This is not a reason not to use packed structs. With similar reasoning, any qualifier like volatile is dangerous because you can cast it away (and compiler will warn you, too).

TLDR:
* use data types to convey the intent and let the compiler generate the memory access code for you.
* do not try to outsmart the compiler by manipulating bits, unless you really have to. While popular decades ago, it is prone to error.
* C is higher level language than many think. Use this to your advantage.
* packed struct does automatically exactly what nctnico is doing manually. This is a compromise in performance compared to normal struct, as compiler cannot and will not make unsafe assumptions about alignment.

Nominal Animal · « **Reply #17 on:** December 05, 2022, 09:06:43 am »
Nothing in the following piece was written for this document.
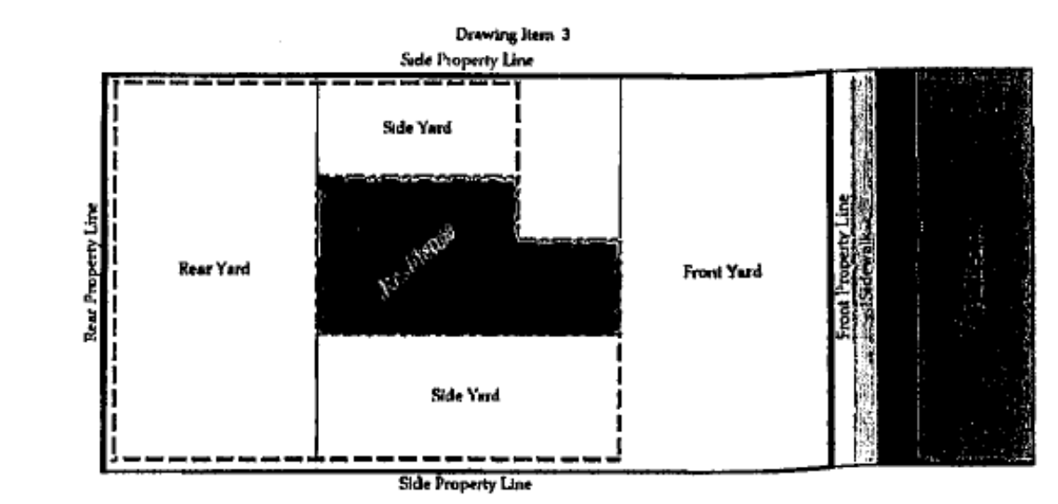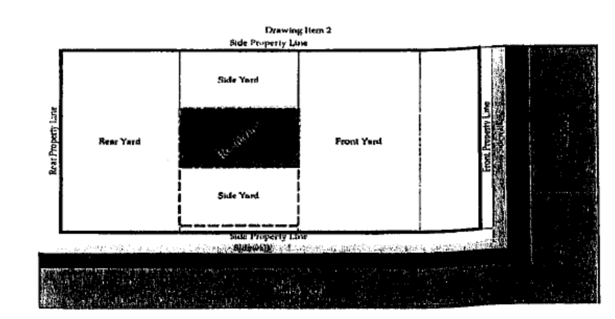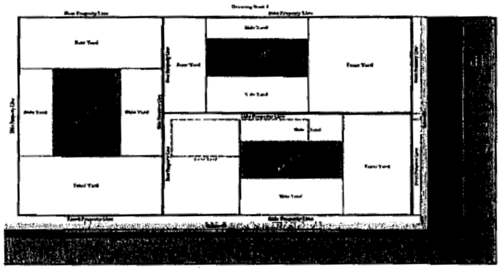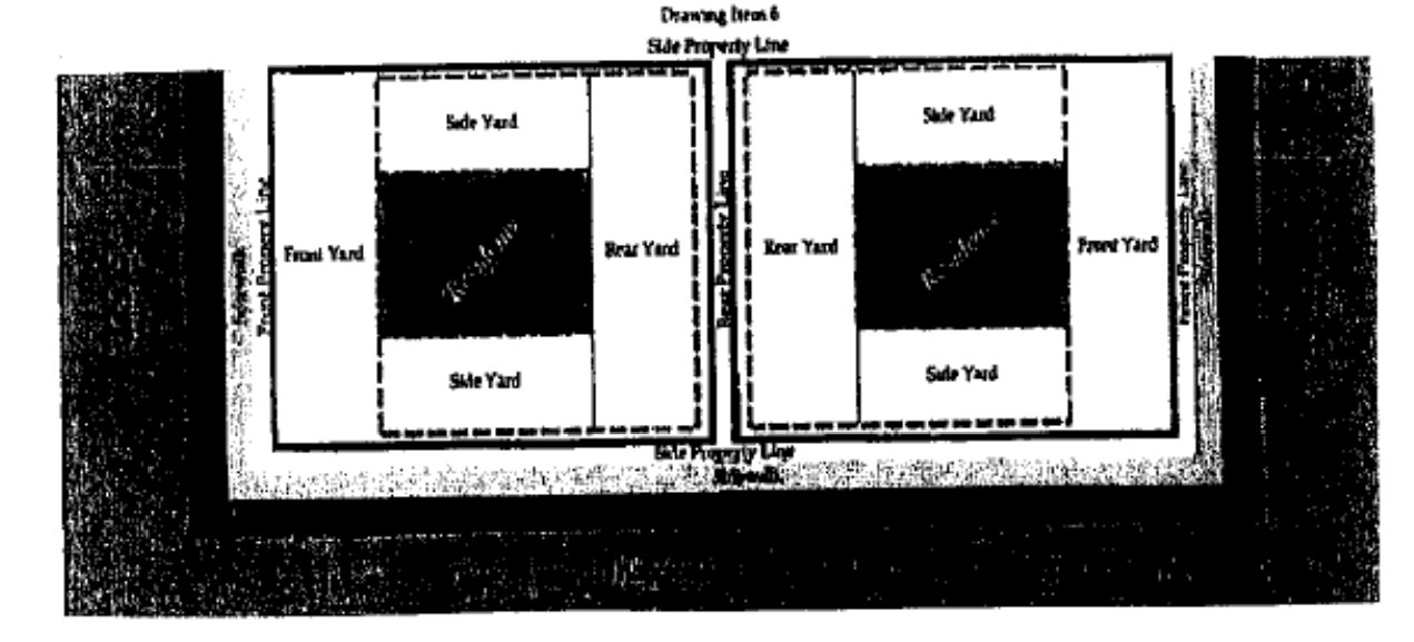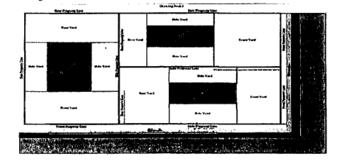 Actual building setback lines in the area including front yards, rear yards, side yards, interior side yards or comer side yards.
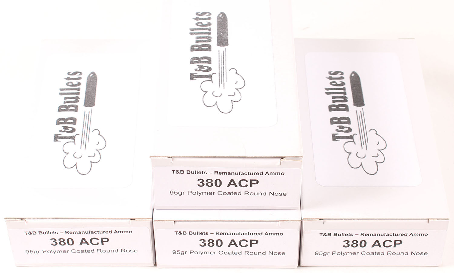 T&B Bullets, Lot of (4), .380 ACP, Remanufactured Ammo by a class type 7 Ammo MFG (this is the same class (high quality) as Winchester, Federal and or CCI), 95 Grain Polymer Coated Round Nose bullet, loaded cartridges, 1pc, Full 50 count boxes, white boxes are very solid, ammo is minty. Grade: Excellent ++ - Value: 30 to 45

I think it is best to draw the states out –– say, each state corresponding to a case in the UART interrupt handler –– and examine carefully what should happen at each stage. Attached is an image that Graphviz generates from the following:

Code: [Select]

digraph {
    b0 [ label=<<table border="0" cellborder="1"><tr><td port="top" colspan="2"><b>Wait55</b></td></tr><tr><td port="v55">0x55</td><td port="other">*</td></tr></table>>, shape=none ];
    b0:v55:s -> b1:n;
    b0:other:s -> error:n;

    error [ label=<<table border="0" cellborder="1"><tr><td port="top" colspan="2"><b>Error</b></td></tr><tr><td port="v55">0x55</td><td port="other">*</td></tr></table>>, shape=none ];
    error:v55:s -> b1:n;
    error:other:s -> error:ne;

    b1 [ label=<<table border="0" cellborder="1"><tr><td port="top" colspan="3"><b>WaitAA</b></td></tr><tr><td port="vAA">0xAA</td><td port="v55">0x55</td><td port="other">*</td></tr></table>>, shape=none ];
    b1:v55:s -> b1:ne;
    b1:vAA:s -> b2:n;
    b1:other:s -> error:n;

    b2 [ label=<<table border="0" cellborder="1"><tr><td port="top"><b>WaitLen</b></td></tr><tr><td port="other">Len</td></tr></table>>, shape=none ];
    b2:other:s -> b3:n;

    b3 [ label=<<table border="0" cellborder="1"><tr><td port="top"><b>WaitAddr</b></td></tr><tr><td port="other">Addr</td></tr></table>>, shape=none ];
    b3:other:s -> b4:n;

    b4 [ label=<<table border="0" cellborder="1"><tr><td port="top" colspan="2"><b>Wait01</b></td></tr><tr><td port="v01">0x01</td><td port="other">*</td></tr></table>>, shape=none ];
    b4:v01:s -> b5:n;
    b4:other:s -> error:n;

    b5 [ label=<<table border="0" cellborder="1"><tr><td port="top"><b>WaitCMD</b></td></tr><tr><td port="other">CMD</td></tr></table>>, shape=none ];
    b5:other:s -> b6:n;

    b6 [ label=<<table border="0" cellborder="1"><tr><td port="top" colspan="3"><b>WaitData</b></td></tr><tr><td colspan="2">Checksum</td><td port="data">Data</td></tr><tr><td port="good">Good</td><td port="bad">Bad</td></tr></table>>, shape=none ];
    b6:data:s -> b6:n;
    b6:good:s -> b0:nw;
    b6:bad:s -> error:n;
}

The label code is a bit ugly, because I wanted to do nice-looking state blocks. It is just simplified HTML within < and >, though.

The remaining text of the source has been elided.